Betsy Sparrow, assistant professor of psychology at Columbia, says, “Human memory is adapting to new communications technology.”

Since students studying for a test are more likely to recall facts they think will be on a test, she wondered whether people would be as likely to remember what they casually read from their computers, knowing they could find that information again.

Dr. Sparrow collaborated with Daniel M. Wegner of Harvard and Jenny Liu of the University of Wisconsin staging four different memory experiments. In one, participants were asked to type 40 bits of trivia, such as, “An ostrich’s eye is bigger than its brain,” into a computer. Half of them were told the information would be saved in the computer and the other half that the information they typed would be erased.

The participants were significantly more likely to have the ability to recall information if they thought they would not be able to find it later. They did not make the effort to remember it if they thought they could go back later and look it up again.
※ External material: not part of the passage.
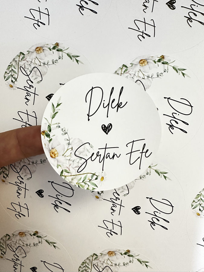 Yapışkanlı etiketimiz 7 cm çapındadır, minimum 20 adet üretilir.

Wondering if computer accessibility affects exactly what we remember, another one of the experiments was staged.

“If asked the question whether there are any countries with only one color in their flag, for example,” the researchers wrote, “do we think about flags — or immediately think to go online to find out?”
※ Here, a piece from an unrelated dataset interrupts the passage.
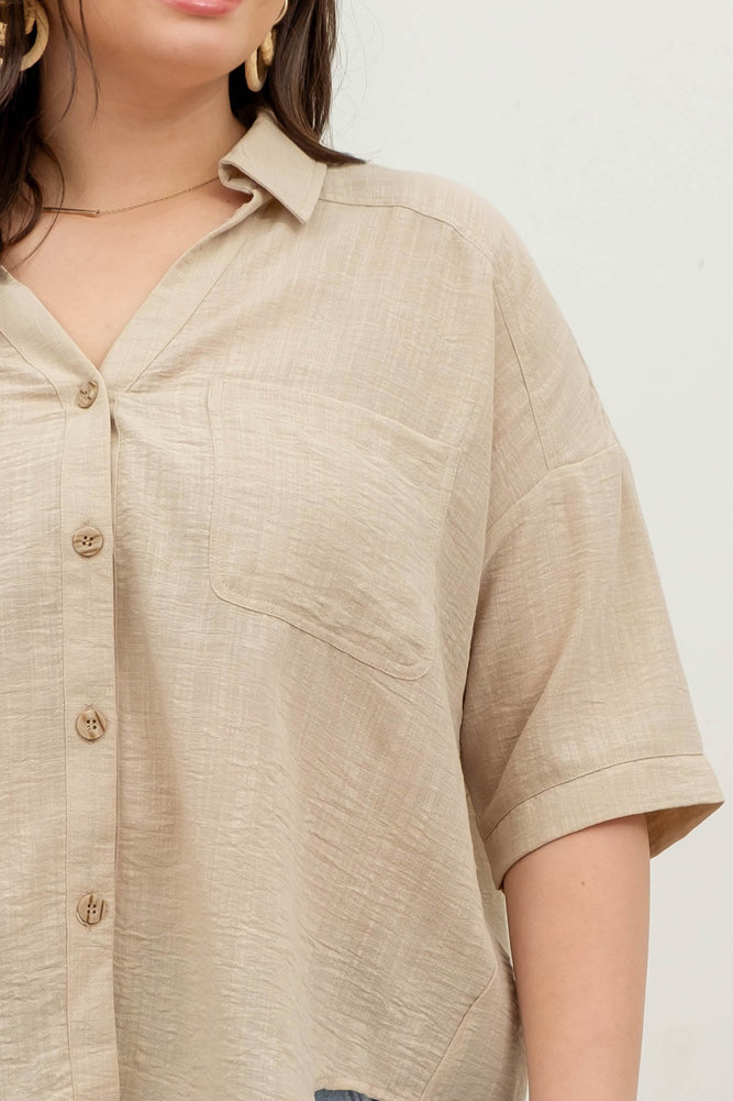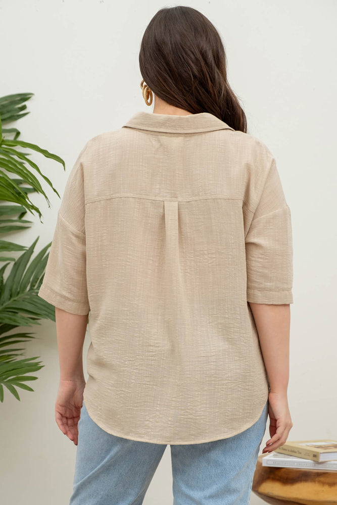 Effortlessly elegant, this breezy button-up blouse in soft khaki features a relaxed fit, cuffed sleeves, and subtle texture—perfect for versatile styling from weekday workwear to weekend ease.

Dr. Sparrow said it “blew her mind” when she found participants were more likely to recall the folder where they saved the information rather than the actual information.

The study is looking at transactive memory — the notion that we rely on others as well as reference material to store information for us. For example, if your partner knows all about the Utah Jazz, you might be more likely to just ask them who is in the starting lineup rather than remember it yourself.
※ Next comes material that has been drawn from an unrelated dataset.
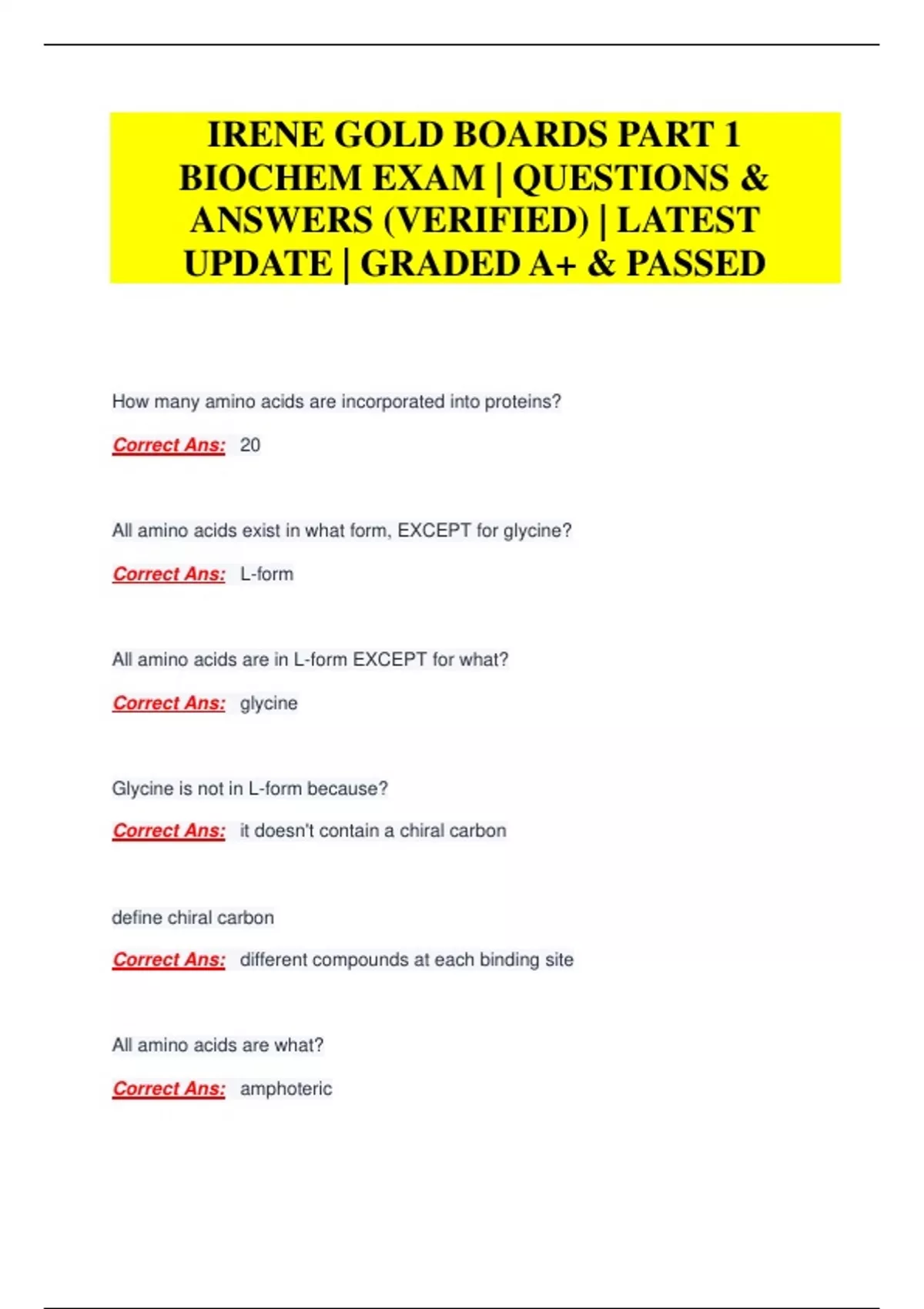 IRENE GOLD BOARDS PART 1 BIOCHEM EXAM | QUESTIONS & ANSWERS (VERIFIED) | LATEST UPDATE | GRADED A+ & PASSED IRENE GOLD BOARDS PART 1 BIOCHEM EXAM | QUESTIONS & ANSWERS (VERIFIED) | LATEST UPDATE | GRADED A+ & PASSED IRENE GOLD BOARDS PART 1 BIOCHEM EXAM | QUESTIONS & ANSWERS (VERIFIED) | LATEST UPDATE | GRADED A+ & PASSED IRENE GOLD BOARDS PART 1 BIOCHEM EXAM | QUESTIONS & ANSWERS (VERIFIED) | LATEST UPDATE | GRADED A+ & PASSED

We still don’t know everything there is to know about the Internet’s effect on our memory, but other than our brain, it certainly is our major storage system for information. Your brain is your own personal “computer” or storage system and needs exercise just like the rest of your muscles. We store information in different parts of our memory. Your recent memory stores what you ate for lunch while your short-term memory stores the name of a person you met moments ago. Information stored in the remote or long-term memory includes things you experienced years ago, such as childhood memories.

As we age the production of chemicals needed to assist in brain cell function slow down so our memory may not be as sharp. Your recent memory is the first to be affected. You may forget the name of someone you just met or where you set your car keys. This can be a normal memory “glitch” and should not send you to the doctor asking about Alzheimer’s just yet.

Practicing your memory can help. Try writing down some trivia or information and then put it away. If you have to make a Post-It note to remind you where you have put it, that’s fine. In 48 hours see if you still “have it” in your head without looking at the paper you wrote it on. Then try to remember it again in a week. You can add to or change up the information on your paper to keep a steady practice going so you are continually accessing that part of your memory. Your memory will improve while you keep brain cells functioning, which reduces your chances for Alzheimer’s.